Ce blog est un journal. Il se veut donc être une mémoire. C’est la raison pour laquelle je tenais à évoquer l’ouragan qui a ravagé les îles de Saint Barthélémy et de Saint Martin aux Antilles.
L’ouragan s’est produit le 7 décembre 2017.

Le thème ne nous renseigne pas beaucoup sur les causes de cet ouragan, bien qu’il soit probablement lié à la conjonction Mercure/Mars sur le point d’éclipse.
En revanche, la position de Cérès, exactement sur le MC est plus qu’intéressante. Cérès, vous le savez maintenant pour l’avoir écrit de nombreuses fois, est la planète du sacrifice. Et Jupiter, par son carré exact, amplifie le phénomène.

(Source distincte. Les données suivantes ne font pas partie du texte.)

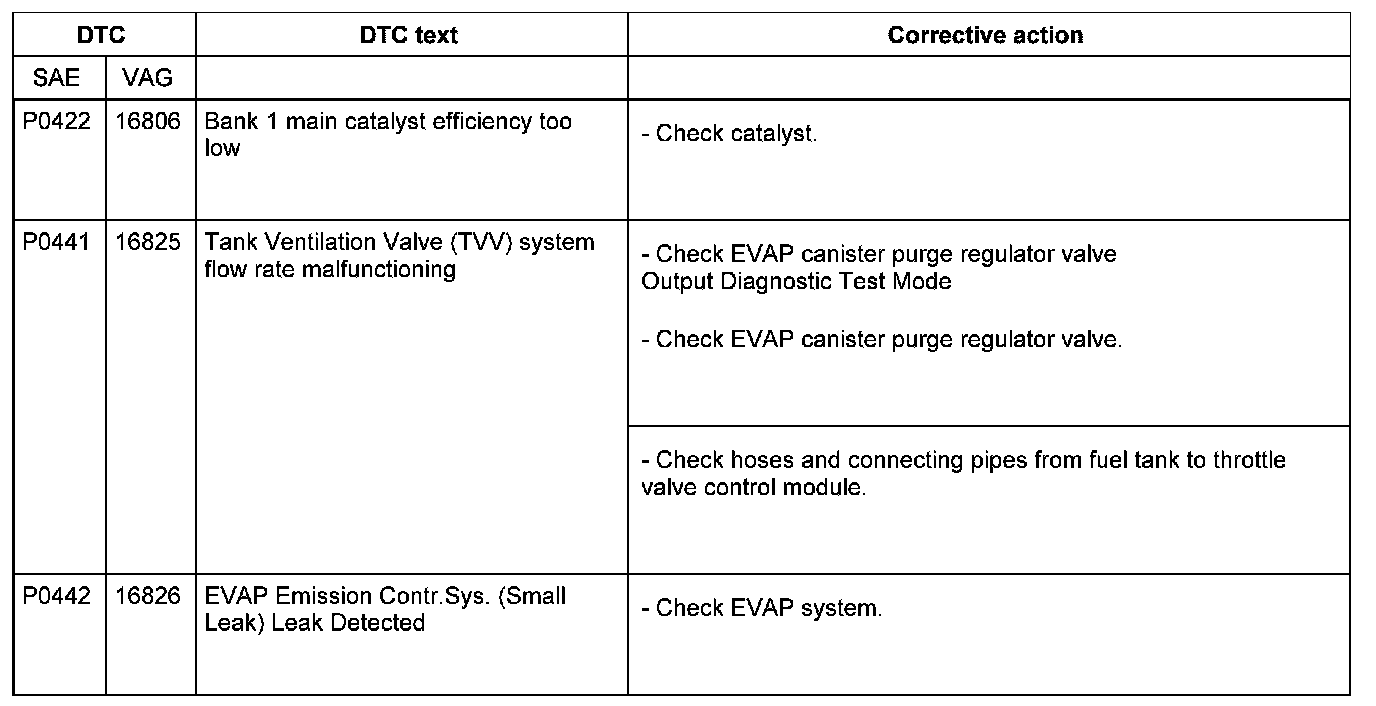 DTC P0422 - P0442:
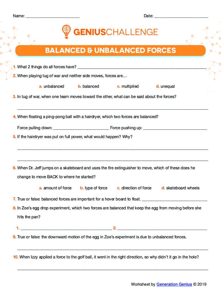 Name: Date: GENIUSCHALLENGE BALANCED & UNBALANCED FORCES 1. What 2 things do all forces have? 2. When playing tug of war and neither side moves, forces area. Unbalanced. Balanced. Multiplied. Unequal3.
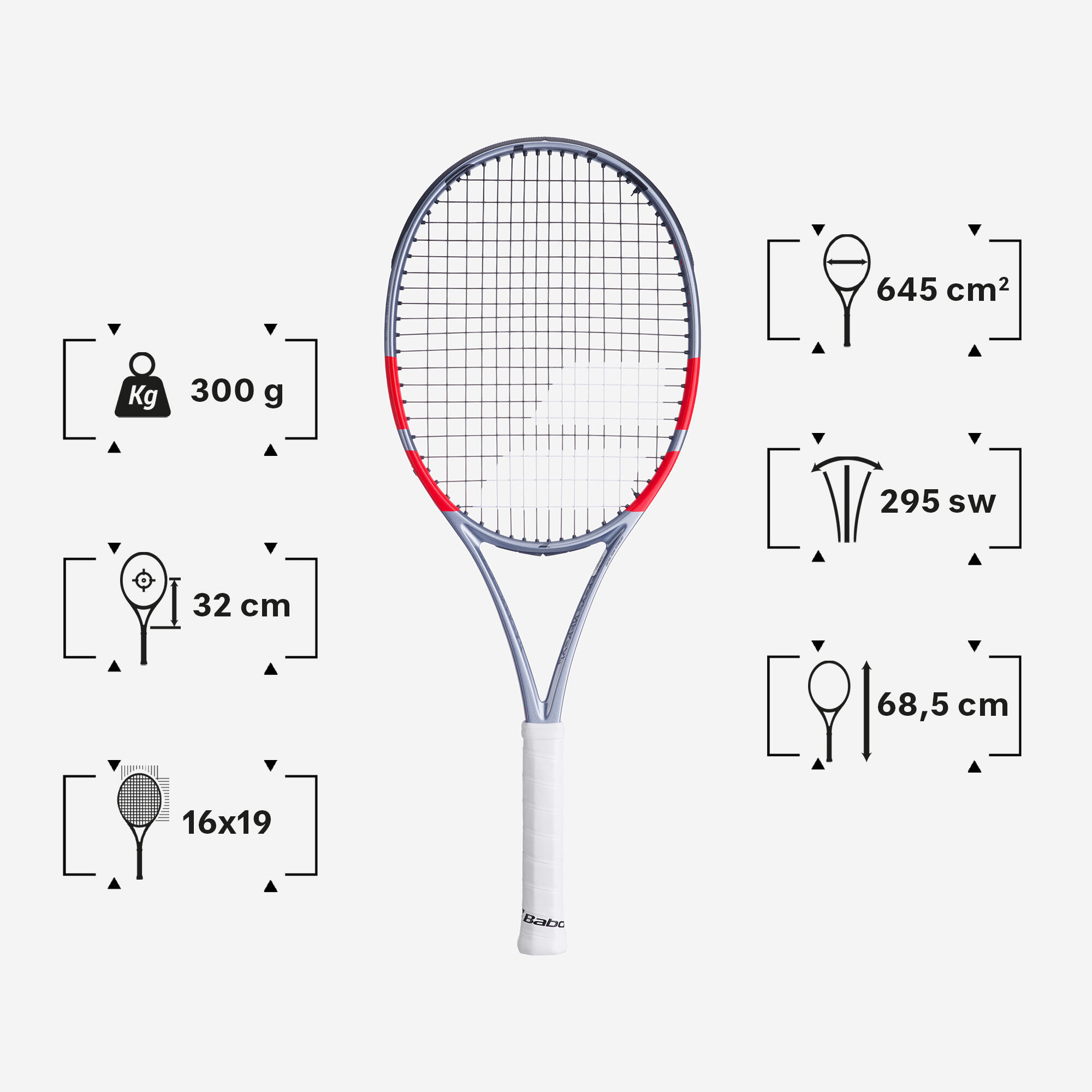 Ισορροπία: Αυτό είναι το σημείο ισορροπίας της ρακέτας, το οποίο μετριέται σε εκατοστά από το κάτω μέρος του άξονα. Όσο μεγαλύτερος ο αριθμός (ρακέτα εμπροσθοβαρής ή σημείο ισορροπίας στην κεφαλή), τόσο πιο ισχυρή και σταθερή η ρακέτα κατά το χτύπημα. Ωστόσο, είναι και πιο δύσκολος ο χειρισμός της. Όσο μικρότερος ο αριθμός (ρακέτα οπισθοβαρής ή σημείο ισορροπίας στη λαβή), τόσο ευκολότερος είναι ο χειρισμός της ρακέτας, αλλά έχετε λιγότερη ισχύ και σταθερότητα.

Or, c’est exactement ce que je ressens quand j’écoute les nombreux témoignages de la population que l’on peut encore entendre sur Youtube. Témoignages poignants, révoltants. Tous mentionnent un sentiment d’abandon des pouvoirs publics. Autrement dit, la population est sacrifiée. Rien n’a été fait en amont, du côté français de l’Ile de St Martin, alors que la météo avait annoncé cet ouragan une semaine avant son arrivée. Quatre jours après le passage d’Irma, les secours n’étaient toujours pas là. Quelques dizaines de militaires seulement, âgés de 18 à 20 ans ; des gosses donc, sans expérience et non formés à ce genre de situation.
L’île de St Martin est détruite à 95%. Les gens ont tout perdu et n’ont même pas de quoi manger ou boire. Pire encore, l’île est soumise à des centaines de pillards, dont beaucoup sont des détenus qui ont pu s’échapper de la prison dévastée de l’île, cagoulés et armés. Ces pillards ne font pas que dévaliser les magasins de fringues et les pharmacies, ils braquent les habitants restés chez eux, les chassent de leurs habitations, parfois aux cris de « sortez les blancs », et se servent. Des habitants, délaissés par les gendarmes, s’organisent en milices armées pour défendre ce qui leur reste de biens. Plusieurs témoignages font état de tirs entre les habitants et les pillards. Il y a des morts.
C’est l’anarchie la plus totale. Cela en dit long sur ce qui nous attendrait en métropole si une guerre civile prenait feu. Nous ne pourrons guère compter sur l’état de droit, et, c’est une impression, pas beaucoup plus sur la solidarité. Devrons-nous aussi nous armer pour nous défendre ? Ce qui se passe est révoltant. 10 000 militaires participent à l’opération Sentinelle, consistant à se balader devant des monuments. Pendant ce temps, sur un territoire de la république, grand comme un mouchoir de poche, des gens sont laissés à l’abandon, d’autres meurent par centaines (certains témoignages parlent d’un millier de morts). Et combien de blessés ? Nous ne connaîtrons jamais les bons chiffres car l’information est totalement occultée par le gouvernement et les médias Pravda aux ordres.
L’état est déliquescent. Pendant que le roitelet s’en prenait aux « fainéants, aux cyniques et aux extrêmes », le ministre de l’intérieur a eu le culot d’annoncer 25 morts. Et un crétin de député écologiste a osé dire sur une chaîne en continu que ce n’était pas le moment de critiquer. Les politiques, en plus d’être des incapables, mentent. Les médias mentent. Et ils sont tellement stupides qu’ils n’imaginent pas un instant qu’il existe aujourd’hui des réseaux sociaux pour dénoncer leurs mensonges.
Continuez ainsi et ça va mal finir.
Ce fut mon coup de gueule en solidarité aux habitants des deux îles sacrifiées. Bien vain, je vous l’accorde.